Он не стал спорить. Лишь посмотрел на нее. Интересно, почему ему так трудно принять решение, задавалась вопросом Сьерра. Разве не он предложил ей сопровождать его в прошлом году? Неужели он не хотел, чтобы она составила ему компанию на этот раз?
– Прекрасно, – бросил он, отводя взгляд в сторону, – но без детей. Выставка для меня – это работа, не игра. Тебе бы тоже не мешало понять это. У меня не будет возможности развлекать тебя.
Великодушный донельзя.
– Я попрошу Маршу оказать мне любезность и принять детей на выходные.
– Времени на экскурсии по городу у тебя не будет, – добавил он. – Нам придется посетить множество деловых обедов и организованных нашей фирмой приемов.
– Нужно ли мне обновить свой гардероб по случаю?
– Спроси у Одры.
—*—
Б оже, разве Ты не слышишь, когда люди молятся?
Разве Тебя это не волнует? Мама говорила, что Ты заботишься о нас, но я не чувствую этого после той страшной беды, которая нас постигла. У меня даже появились сомнения, что Ты существуешь.
Иногда мне кажется, что хуже уже быть не может. Но это не так. Сначала отъезд Джеймса. Потом появление Салли Мэй в качестве жены Мэтта. Потом мамина смерть, а потом папа со своим виски. Как будто всего этого было мало, так Лукас уехал, прихватив с собой лучшего коня. Боже, что еще Ты собираешься отобрать?
Мама часто говорила, что все в Твоей власти. Так вот что хотелось бы узнать у Тебя: за что Ты посылаешь нам эту скорбь и печаль?

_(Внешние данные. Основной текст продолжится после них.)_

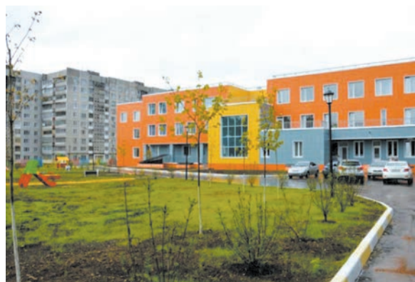
5 мая официально открыт новый комплекс детского сада № 61 «Мечта» по ул. Рабочей.

Уважаемые жители Воскресенского района! Поздравляем вас с Днем России, Днем района, Днем города!
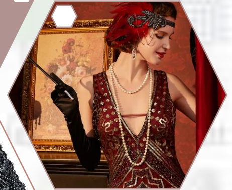
Šminka (naglašene oči, crveni ruž)
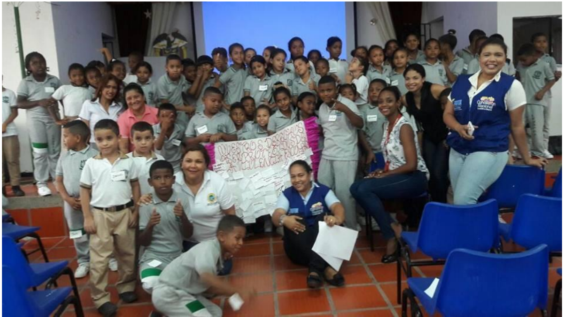
Equipo de Trabajo y Alumnos de tercero y cuarto grado
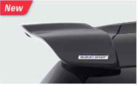
REAR UPPER SPOILER
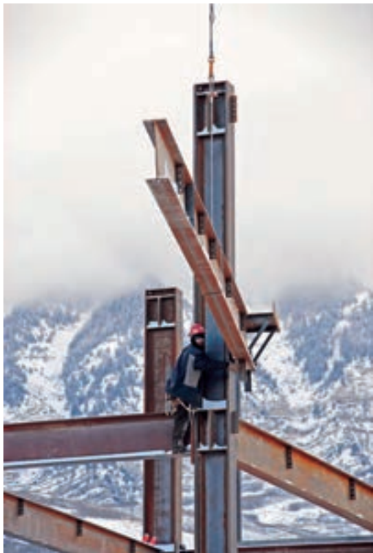
اجرای اسکلت فولادی در ارتفاع

از دیگر مزایای اسکلت فولادی می‌توان به امکان توسعه‌ی سازه، اتصال چند قطعه به یکدیگر توسط جوش یا پیچ، امکان پیش‌ساخته کردن قطعات، سرعت نصب، اشغال فضای کمتر، و قابلیت کاربرد در ارتفاع زیاد اشاره کرد.
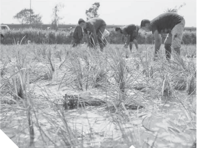
الري بالتنقيط هل يسد العجز فى المحاصيل الزراعية؟

وسبق أن قامت وزارة الزراعة باتخاذ عدة إجراءات تنفيذية عاجلة لتوفير المياه، والحد من زراعة المحاصيل الشرهة للماء وخاصة قصب السكر والموز، وأصدر وزارة الزراعة الأسبق الدكتور عبدالمنعم البنا قراراً رقم ٧٩ لسنة ٢٠١٨ بحظر زراعة المحاصيل شرهة المياه، وطبقاً للقرار تم تحديد ٥٣ صنفاً من تقاوى أصناف بعض
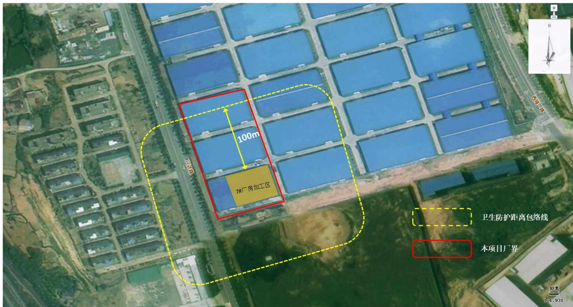
附图5 项目卫生防护距离包络线图

Салли Мэй почти все время болеет. Все время чего-то боится. Ничто ей не в радость. Она или плачет, когда Мэтт на работе, или орет на него, когда он дома. Говорит, что хочет домой к бабушке в Фивер-Ривер. Мэтт не повезет ее, а ее отец сказал, что умывает руки после ее свадьбы.
Папа весь день работает и пьет всю ночь, пока не засыпает. И при всей этой работе совсем не похоже, что год будет удачным.
Через месяц у нас совсем не будет мяса, а поскольку Лукас стащил папино ружье, то добыть его не будет никакой возможности.
Хуже быть уже не может.
Я была неправа.
Больше я не буду надеяться на Бога. Бога нет. Есть только ад на земле. Маме повезло. И Салли Мэй тоже, потому что она умерла.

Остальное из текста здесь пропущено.